Tuesday, March 3, 2009
Catching Up
Calder peed in his potty. Yes, he has a potty. Yes, he is still 14 months old. No, I didn't buy it. That would be Mr. Future Pushy Parent Extraordinaire Bruce. Bruce thinks Calder is ready to be toilet trained. No matter that Calder is just as happy to pee on the toilet than he is to go in it. In fact, I think Calder has whizzed on the floor of our apartment more times than Elby has. ANYWAY. The first, oh, let's say dozen or so time Calder was stripped down and placed on his throne he reacted the same way he does to almost everything new. He dropped to the floor and rolled around screaming his head off. Naturally Bruce kept doing that to him and even sometimes offered a demonstration and of course my attendance was required on the off chance Calder decided to cooperate. Let me just say there is nothing like being compelled to the bathroom to watch your husband have a pee. Thankfully Calder finally caught on two days ago and tinkled in his potty sans demonstration. We all clapped and had a small impromptu bathroom party and then we took Calder to the mall and bought him some books. I so wish I was kidding.
Related: Can someone tell me how I managed to raise a child for 14 months without owning Pat the Bunny?
I have decided that my post-baby body is, in fact, embarrassing and that I should stop eating like a hoss and get off my ass every once in a while. This may seem like, the duhiest report to have ever come out of duhville but as it is, it is very difficult to eat like a healthy, responsible adult when 30% of your meals involve dinosaur shaped nuggets and Chef Boyardee. Plus, as Calder gets older and stays up later it becomes really difficult to find time to exercise. If I wait until he goes to bed, I have maybe a half hour to get warmed up, exercised and wound down enough to fall asleep. I have been trying to get mini-workouts done while Calder is awake but they are not the most efficient. I will do squats and lunges while Calder plays Up/Down and I will also get up and move along with Calder when he is in the mood to dance. I don't think it's really doing much though. Because while lurching around my living room like a drunken water buffalo to the dulcet tones of DJ Lance Rock and the Gabba gang may burn calories, it is difficult to maintain for the necessary periods of time since I essentially look like a giant asshole. I don't want to imprint my terrible dance skills on Calder as such a young age. I want the poor kid to stand a chance.
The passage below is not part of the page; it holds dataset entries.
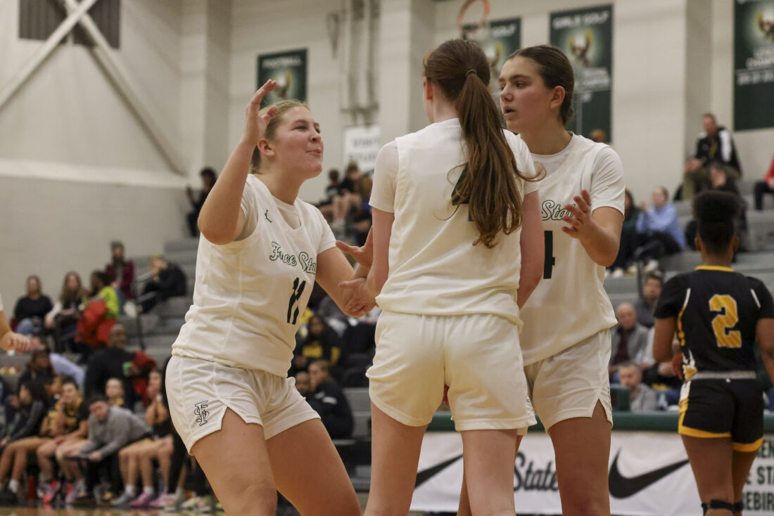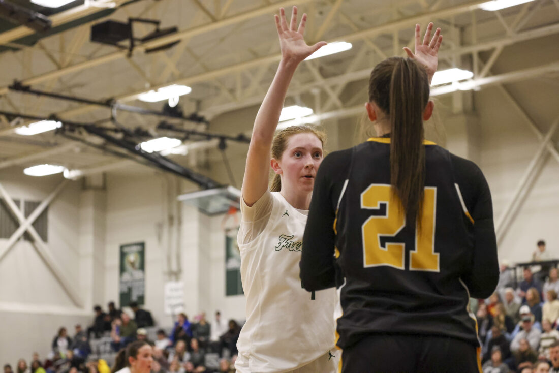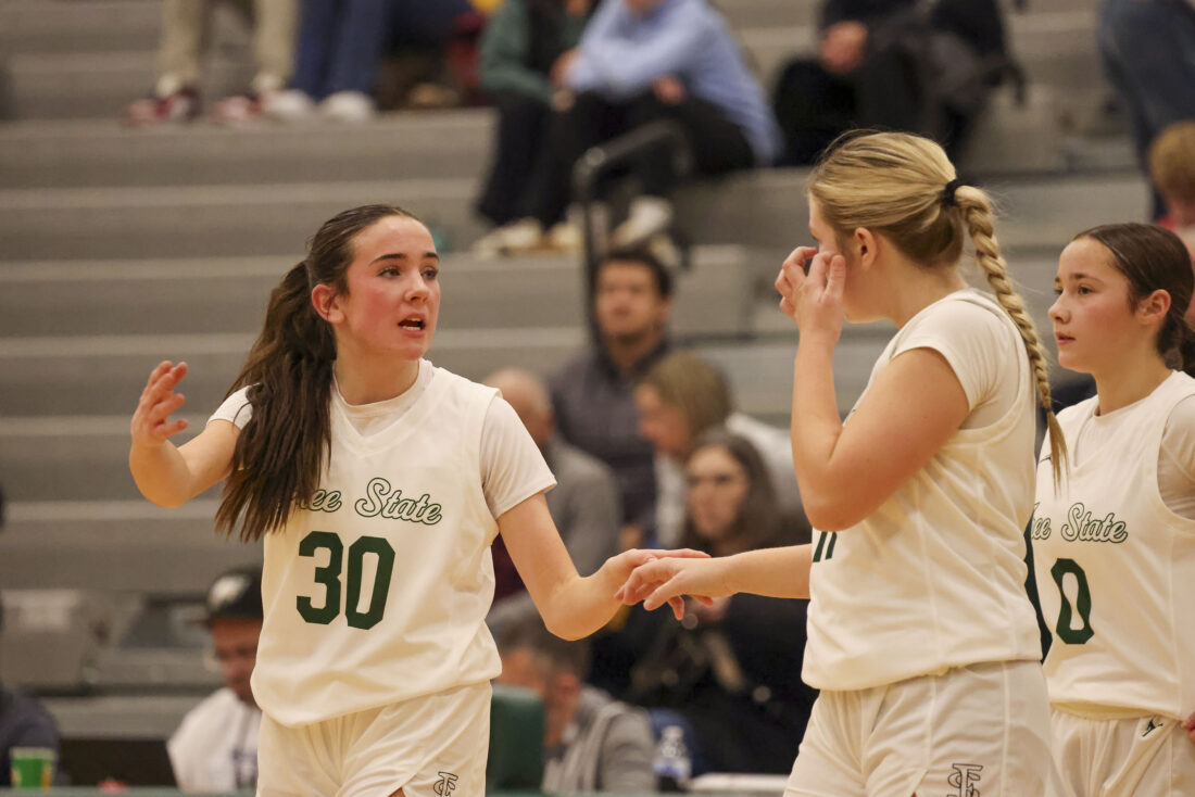 Free State freshman Morgan McClorey (30) chats with senior Libby Easter during the Firebirds’ game against Shawnee Mission West on Friday, Dec. 19, 2025, at Free State High School in Lawrence.
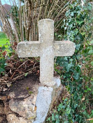 Cette petite croix en béton se caractérise par des extrémités aux formes arrondies. Elle est simplement posée au sommet d’un mur de clôture en pierres sèches. Dépourvue de toute figuration sculptée ou gravée, elle ne présente également aucun millésime ni inscription permettant d’en préciser la date d’érection. Par sa sobriété et l’emploi de matériaux modestes, elle s’inscrit dans la tradition des croix rurales à vocation essentiellement dévotionnelle ou de marquage symbolique de l’espace.
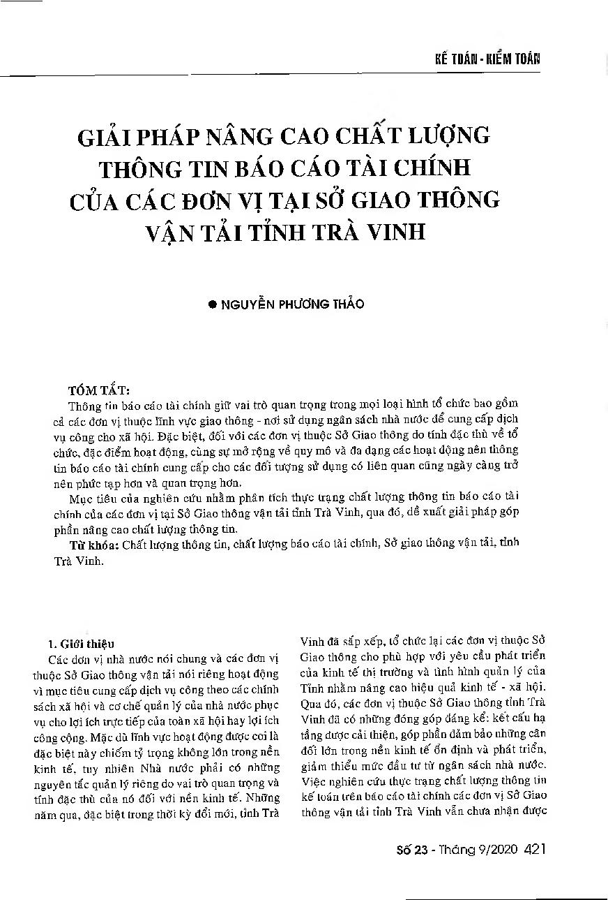 Giải pháp nâng cao chất lượng thông tin báo cáo tài chính của các đơn vị tại sở Giao thông vận tải tỉnh Trà Vinh = Solutions for improving the information quality of financial statements provided by units under the Department of Transport - Tra Vinh Province
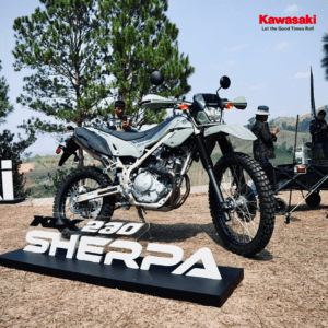 นอกจากนี้ในงานคาวาซากิยังได้เปิดตัวรถจักรยานยนต์รุ่นใหม่ล่าสุด KLX230 Sherpa รถจักรยานยนต์ทะยานสู่เส้นทางแห่งความสนุกสนานจากถนนในเมืองสู่เส้นทางแห่งการผจญภัยในธรรมชาติ รถทื่สืบทอดมาจาก SUPER SHERPA ซึ่งเป็นรุ่นที่ Kawasaki ผลิตและจำหน่ายตั้งแต่ปี 1997 ถึงปี 2007 คำว่า Sherpa คือ คำที่ใช้เรียกคนในท้องถิ่นที่เป็นไกด์และขนสัมภาระระหว่างการปีนเขาหิมาลัย และชื่อ SHERPA นี้ยังสื่อถึง ความหมายว่าเป็นเพื่อนร่วมทางที่ไว้ใจได้ ที่จะเดินทางไปพร้อมกับผู้ขับขี่ และด้วยสโลแกน “จากเมืองสู่ธรรมชาติ” ทำให้รถจักรยานยนต์รุ่นนี้ได้รับความนิยมจากผู้ขับขี่หลายคนในฐานะรุ่นอเนกประสงค์ที่เป็นมิตรและใช้งานได้ง่าย ไม่ว่าจะขี่ในเมืองหรือในป่า KLX230 SHERPA สืบทอดชื่อ “SHERPA” ในฐานะรุ่นอเนกประสงค์อันทรงเกียรติของ Kawasaki ที่สืบทอดแนวคิดของ SUPER SHERPA
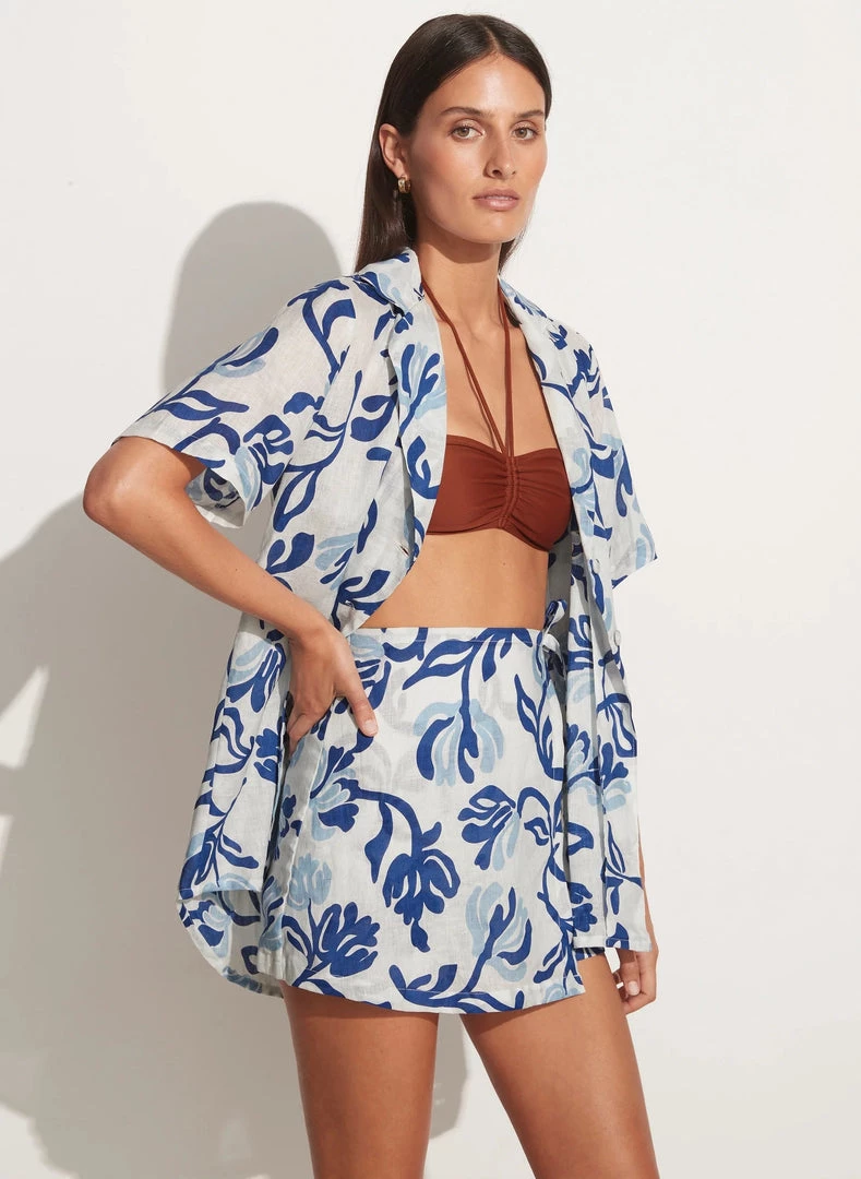Equally fun as it is functional, the Eridani Skort is a FAITHFULL signature and for good reason. Cut from Certified Linen – EUROPEAN FLAX® & OEKO-TEX100® fabrication and hand-printed in the vibrant Ensola Blue Floral Print, this design features a faux wrap style front with side waist tie detailing. Lined throughout and easy wearing with a side seam zip, we love the Eridani paired back with the Charlita Shirt Dress for an effortlessly fresh ensemble.
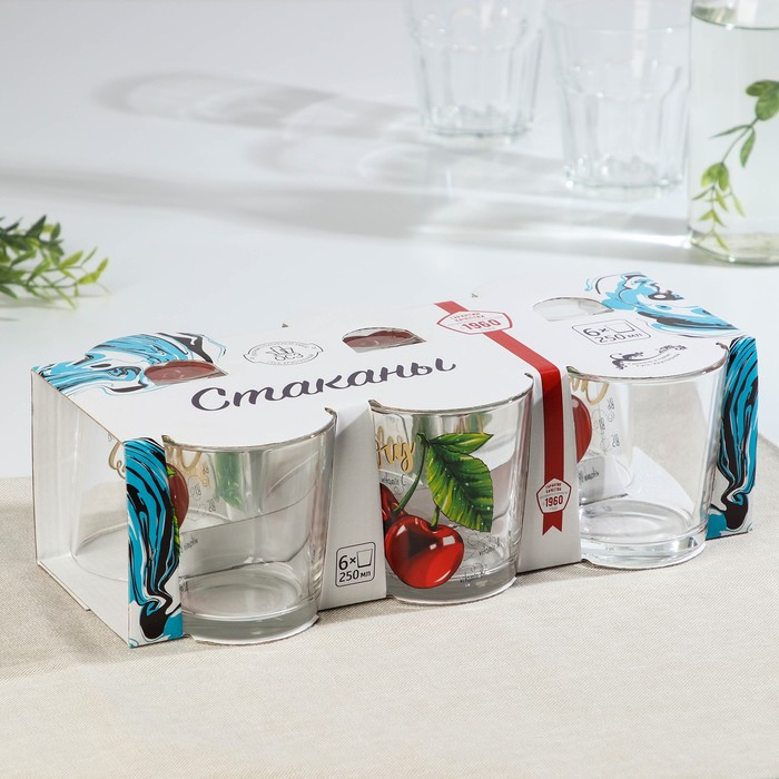 Набор стеклянных стаканов «Ода. Полезная вишня», 250 мл, 6 шт
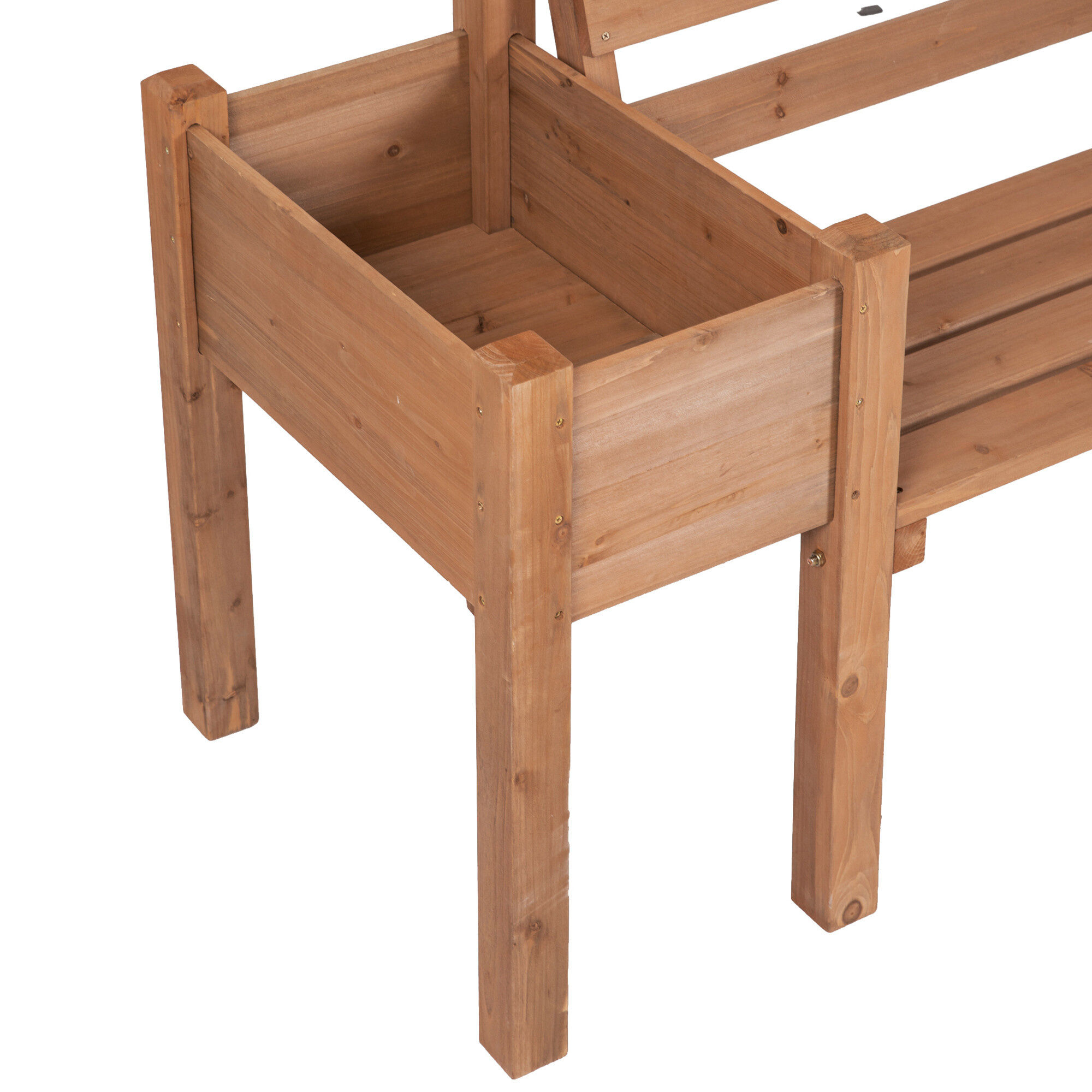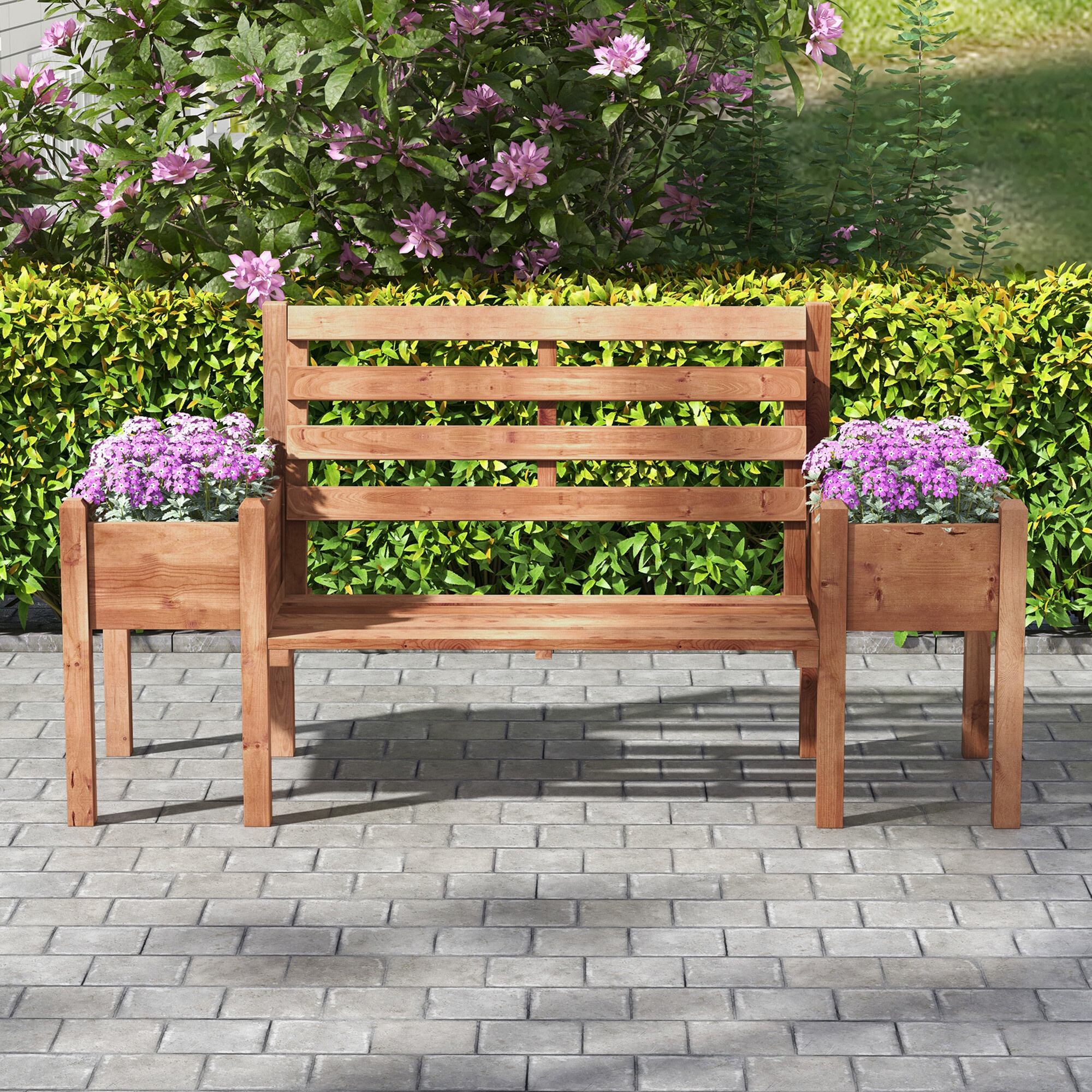 Odkryj harmonijne połączenie komfortu i stylu dzięki połączeniu ławki ogrodowej i podwyższonej rabaty.
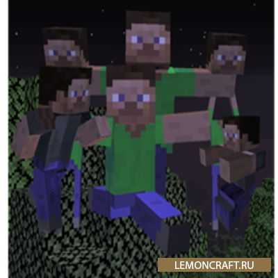 Мод на множество Стивов LotMoreSteves небольшая модификация, созданная с помощью MCreator, немного усложнит процесс выживания в игре, сделав ее более динамичной.
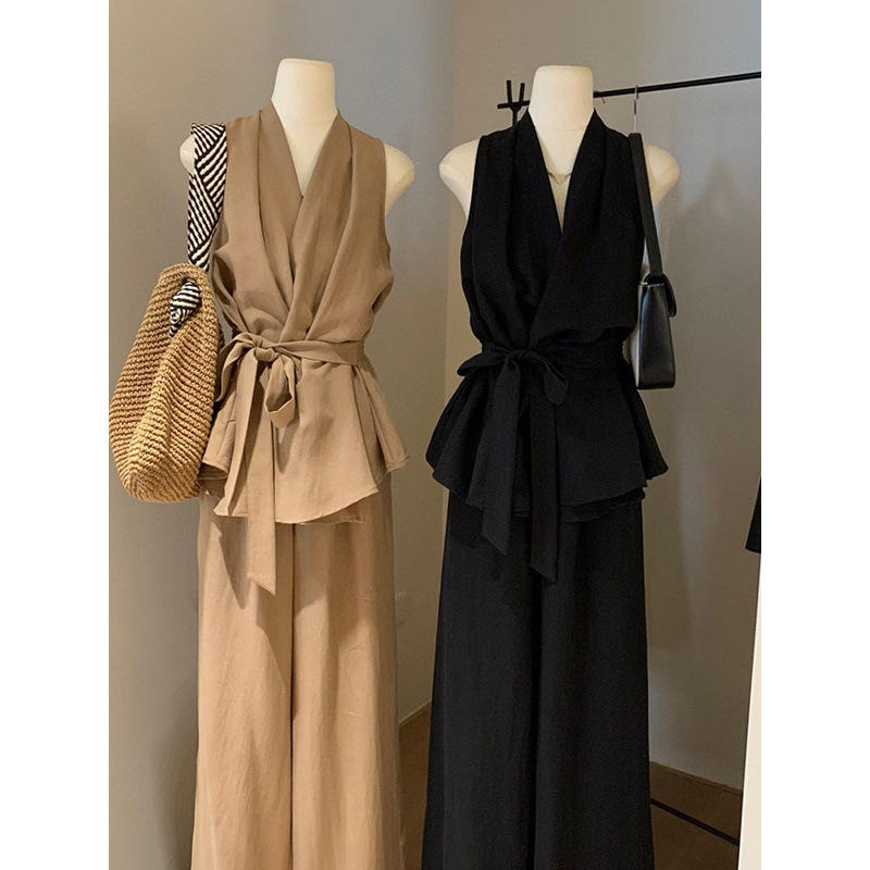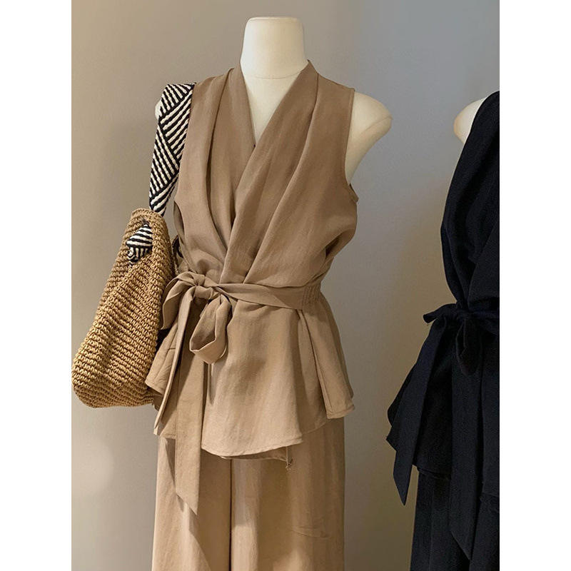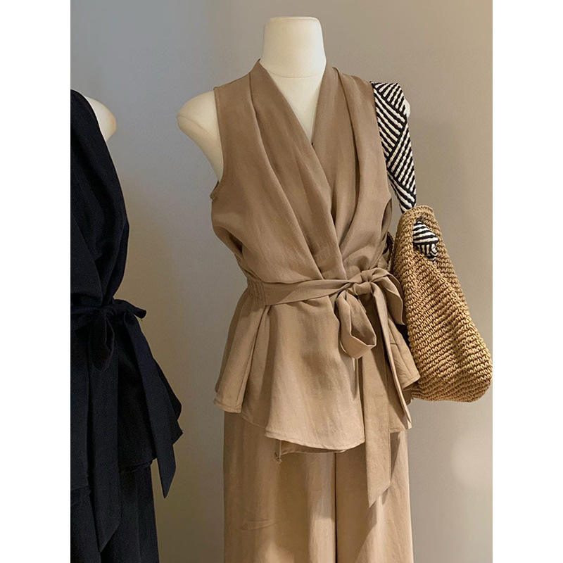 Ensemble pantalon large et débardeur croisé à col en V style français pour femme – Formel, sans manches, minimaliste, couleur unie douce
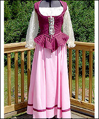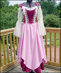 Renaissance Rose Girl This costume was created for a lady who sold roses at my local Renaissance faire. She requested the color scheme, and asked that I create an outfit within the acceptable rules for Faire working attire. The shirt is made of textured cotton, and has an elastic neckline so it can be worn at different levels of modesty. The underskirt is a cotton blend herringbone weave, and the overskirt is a textured cotton blend. I created the different tiers of the overskirt to represent the leaves on a rose. The bodice is made of a textured green denim, and finished with cotton bias tape. The tabs on the bodice serve two purposes- they help cover the gap between the skirt and the shirt that often occurs with period clothing, and they make the bodice more comfortable by preventing it from digging into the waist. The hat is made from the same herringbone fabric as the underskirt, and lined with satin. |
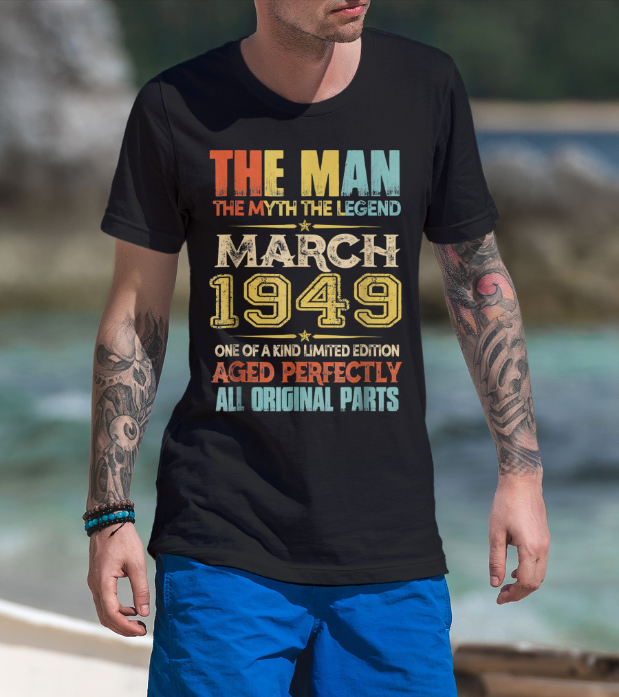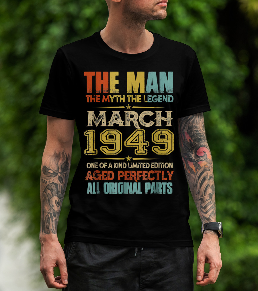 The The Man Myth Legend March 1949 One of a Kind Aged Perfectly All Original Parts T-shirt is designed for everyday wear and a consistent fit. Fabric is pre-shrunk ring-spun cotton with durable stitching. See the size chart below for exact measurements.

Calder got pink eye. Yeeesh. But it's bacterial pink eye? And he didn't need to leave day care? But he did have to go to the doctor? And now he has eye drops? And they are somehow less offensive to Calder than trying to swipe off the boogers that are permanently gushing from his nose? Yeah. I dunno. Other than booking the doctor appointment I have had nothing to do with this whole situation. Calder looks fine to me. Maybe a little stoned what with the red eyes and all but fine.
Lastly, Calder has another giant full-body rash. No, I don't know why. Honestly? Don't care. I am sure that it is either from the antibiotic eye drops that he has been taking for the pink eye or related to something he ate. Possibly taco meat mix. If my own medical history is to be believed it could be from nothing at all. Being one of the lizard people is just more proof that Calder is so my child. I am Queen of the Random Non-Contagious Skin Disorderdom and Calder is my Scaly Bodied Dark Prince. Bruce freaked and texted me at work this morning to find out what he should do as though he has not also been parenting this damn delicate-skinned child. I wish I had been home so I could have laughed in his face. These rashes have become so flippin' common that calling the doctor's office never crossed my mind, just the holy trinity of irritated skincare. Benedryl, hydrocortisone and an oatmeal bath. Boom, rosacea'd.